Um den Gehalt dieses Anliegens zu veranschaulichen und zu verinnerlichen, werden Geschichten erzählt, Lieder gesungen, Rituale praktiziert und, im Buddhismus, Koans geschrieben. Nishitani greift ausgiebig auf solche Sinn- und Lehrsprüche zurück. (Vgl. Nishitani 1986, S.105f.) Mit Koans bewegen wir uns im Bereich der Poesie, wiederum auf einer Ebene eines Bewußtseins, das anders funktioniert als die wissenschaftliche Rationalität der abendländischen Aufklärung. Aber der Zweck eines Koans bleibt immer noch die Mitteilung auf der Ebene des Bewußtseins. Sie ist eben eine Sprechweise, die sich insbesondere an der Grenze von Sagen und Meinen abarbeitet. Es mag zwar in einem Koan um Erleuchtung gehen, aber gerichtet ist er unter anderem auch an (noch) Unerleuchtete, und er bewegt sich damit im Bewußtseinsfeld. Deshalb sind hier wohl auch die vielen Paradoxa, mit denen Nishitani in seinem Buch arbeitet, eine angemessene Ausdrucksform, weil sie Kommunikation ermöglichen.
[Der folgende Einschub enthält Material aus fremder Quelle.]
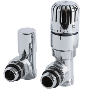 General description Enhance the stylish and contemporary look of your radiator or heated towel rail with this pair of Milano angled thermostatic valves. These modern valves are designed to provide both functionality and aesthetic appeal. Technical specifications Material: Solid brass and ABS Finish: Chrome Compatibility: Suitable for 15mm copper pipes Includes: Eurocone adapter for use with metal-plastic, polymer, thin-walled copper, and stainless steel fittings Warranty: Covered for 5 years Other information Supplied as a pair of valves
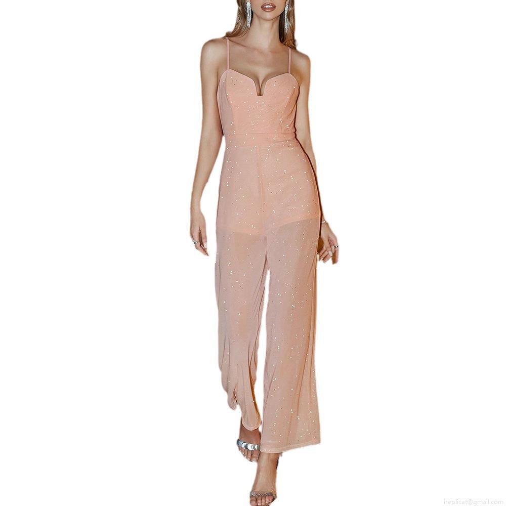 • Women's Sexy V-Neck Sequin Cami Jumpsuit Glitter Mesh Patchwork Wide Leg One Piece Romper Sleeveless Slim Fit Party Evening Night Out Pink
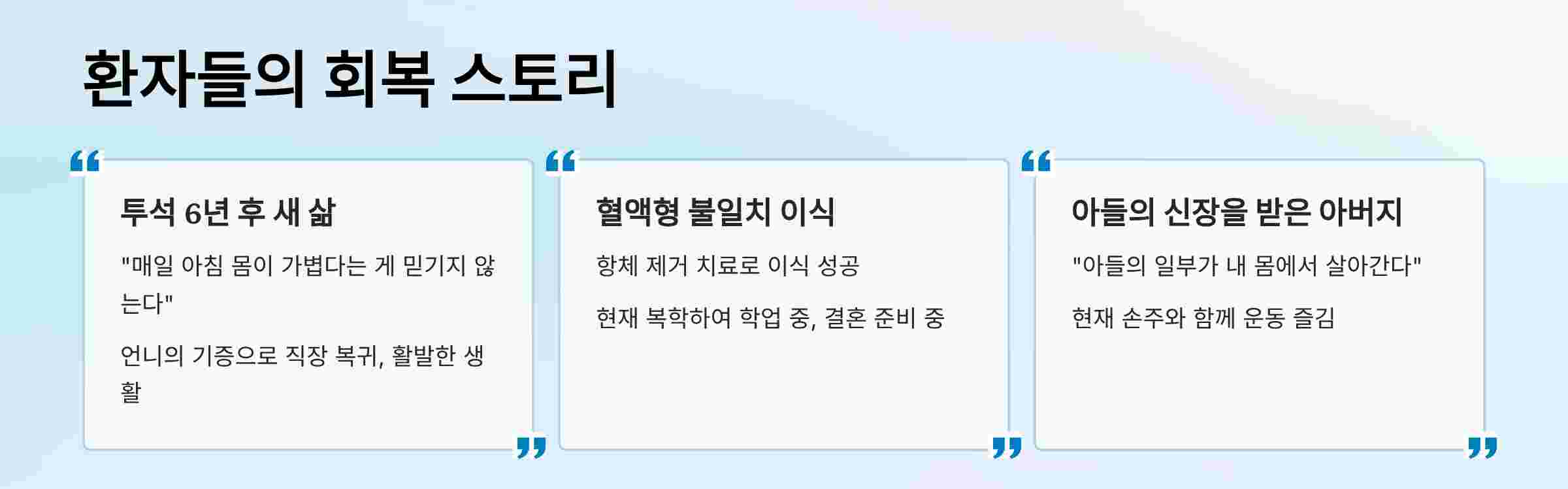| 서울아산병원 | 연간 300건 이상 이식,성공률 97% 이상 | 혈액형 불일치 이식 경험 풍부 | 다양한 케이스 경험을 원하는 환자 |

Aber eben keine rationale. Es macht keinen guten Sinn, wenn Nishitani immer wieder die religiöse Denkweise über die Rationalität atheistischen und humanistischen, letztlich wissenschaftlichen Denkens stellt und dazu auffordert, auf den Gebrauch des eigenen Verstandes zu verzichten. Es sollte bei einer Verhältnisbestimmung von Religion und Wissenschaft nicht um ein Ausschlußverhältnis gehen, sondern in erster Linie um eine Grenzbestimmung, die, wie ich finde, der Differenz zwischen Natur- und Geisteswissenschaften entspricht.

Unredlich finde ich auch den immer noch auf Sartre gerichteten Folgesatz (s.o.): „Daß die Konsequenzen seines Atheismus nicht den letzten Grund erreichen, wird an seiner Auffassung deutlich, der Existentialismus sei ein Humanismus.“ (Nishitani 1986, S.113)
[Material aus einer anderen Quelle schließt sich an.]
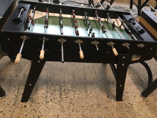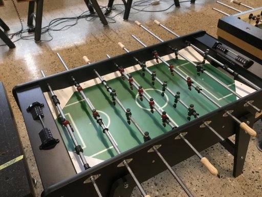 -deze tafelvoetbal is eenvoudig te demonteren: de poten kunnen er makkelijk afgeschroefd worden om zo de tafelvoetbal zonder poten door een deuropening te dragen
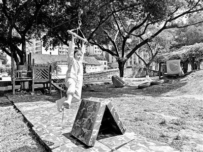 活動過程:為了支持孩子們實現(xiàn)心愿,我們在幼兒園里增添了“極速滑索”游戲項目,孩子們玩得花樣百出、樂此不疲。教師和孩子們一起,利用戶外的小土坡和攀登架,在草坪四周的大樹上,拉起了兩條結實的滑索道。在高高的滑索上,孩子們握緊把手騰空而起,一飛沖天,心中有興奮和雀躍,更感受著些許的緊張和刺激,對飛行員叔叔的感知也從“眼見”“耳聞”,轉(zhuǎn)化為“親歷”“實感”。
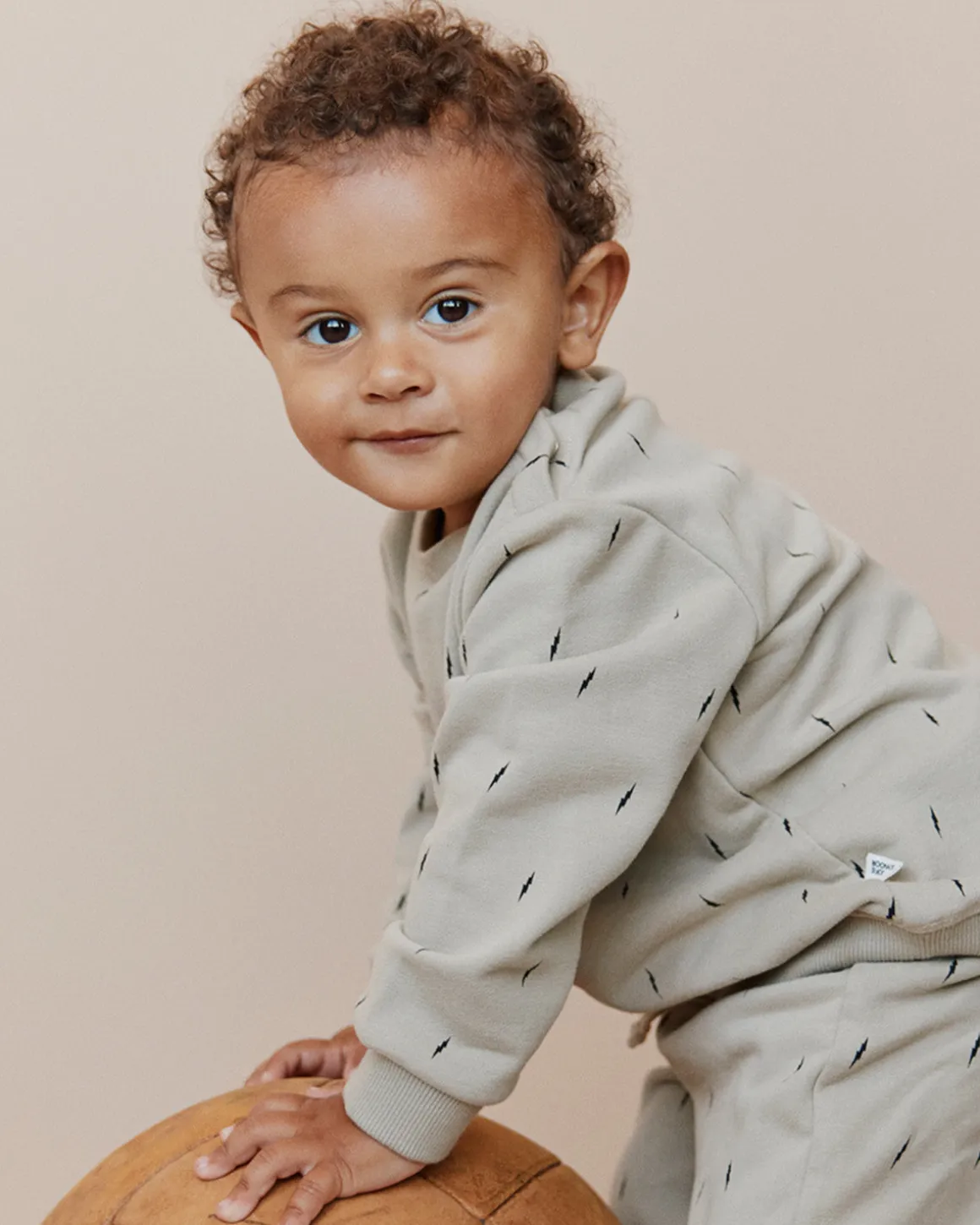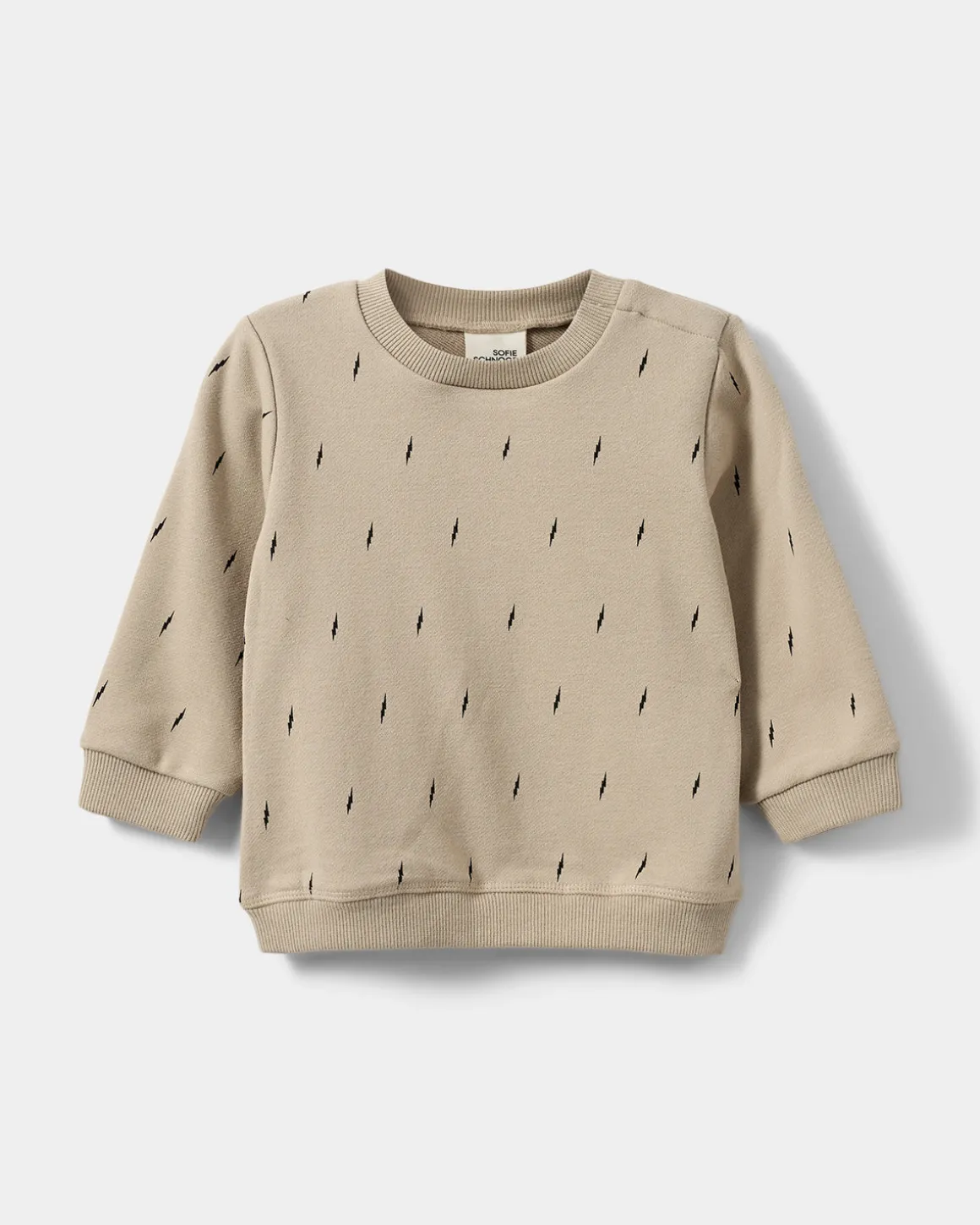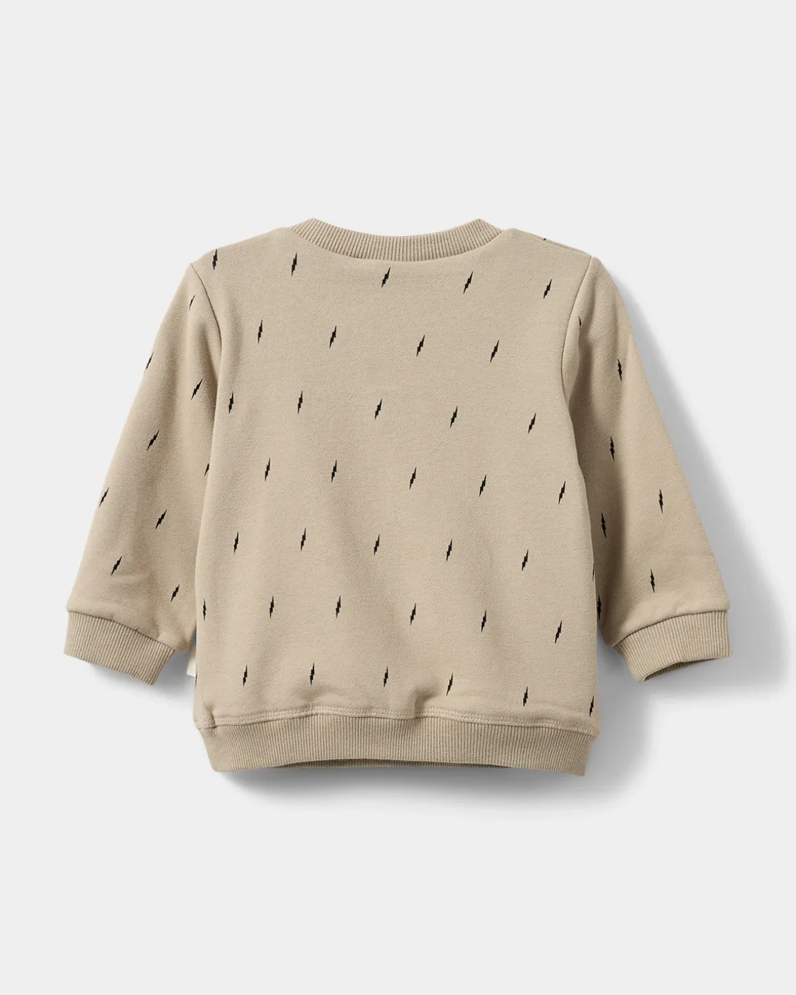 Beige sweatshirt with small, black lightning print. The sweatshirt has long sleeves and elastic at the waist and cuffs. Made in a soft blend of 87% Cotton 10% Polyester 3% Spandex.

In einer hier ebenfalls schon weiter oben zitierten Stelle hatte Nishitani dem Atheismus noch vorgeworfen, „der menschlichen Existenz einen letzten Grund und dem menschlichen Leben einen Endzweck zu geben“. (Vgl. Nishitani 1986, S.78) Jetzt wirft er Sartre vor, den letzten Grund des Atheismus nicht zu erreichen; also ihn nicht vollständig zuende zu denken.
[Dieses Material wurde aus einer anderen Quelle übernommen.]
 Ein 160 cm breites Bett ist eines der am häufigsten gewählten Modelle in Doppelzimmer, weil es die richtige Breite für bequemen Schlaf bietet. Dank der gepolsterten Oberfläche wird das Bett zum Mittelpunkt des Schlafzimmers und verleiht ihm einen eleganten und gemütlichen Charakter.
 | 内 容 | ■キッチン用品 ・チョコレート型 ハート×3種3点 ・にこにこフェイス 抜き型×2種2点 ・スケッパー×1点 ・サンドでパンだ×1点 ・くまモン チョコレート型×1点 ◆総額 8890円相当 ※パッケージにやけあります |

Was soll jetzt gelten? Ist die Frage nach dem letzten Grund im Rahmen einer nicht religiösen Denkweise nun legitim oder ist sie Ausdruck einer intellektuellen Anmaßung? Zugegeben, einen ,letzten Grund‛ kann es in zwei Richtungen geben: in Richtung letzte Ursache und in Richtung auf einen Endzweck. Aber beide Richtungen sind erstmal legitime Denkziele, ob nun religiös oder nicht religiös motiviert, und letztlich kommt es vor allem darauf an, welche Konsequenzen man aus den jeweiligen Einsichten zieht. Nishitani verzichtet aber auf eine entsprechende Differenzierung seines Vorwurfs. Mal will er dem Humanismus solche Fragen verbieten, dann wieder wirft er ihm vor, daß er sie nicht stellt.

Bei Nietzsche macht Nishitani dann übrigens wieder eine Ausnahme. Nietzsche ist zwar kein Humanist, aber doch ein Atheist. Und ihm gesteht er zu, was er Sartre abspricht:
„Durch Nietzsche hingegen ist der Atheismus wahrhaft bis zum Grund ,subjektiviert‛ worden. Das Nichts, indem es zum Ort der ,Ekstasis‛ des eigentlichen Selbstseins wurde, erhielt Transzendenz-Charakter; der Mensch in seiner Freiheit und Selbständigkeit sah sich radikal mit seinem wesenhaften Abhängigsein von Gott konfrontiert.“ (Nishitani 1986, S.113).
Warum darf der Atheist Nietzsche, was der Atheismus sonst eigentlich nicht darf? ‒ Weil Nietzsche zwar Gott für tot erklärt hat, aber, so Nishitani, in seinem Denken weiterhin abhängig von der Frage nach Gott geblieben ist. Bei ihm ist noch ein religiöses Bedürfnis erkennbar.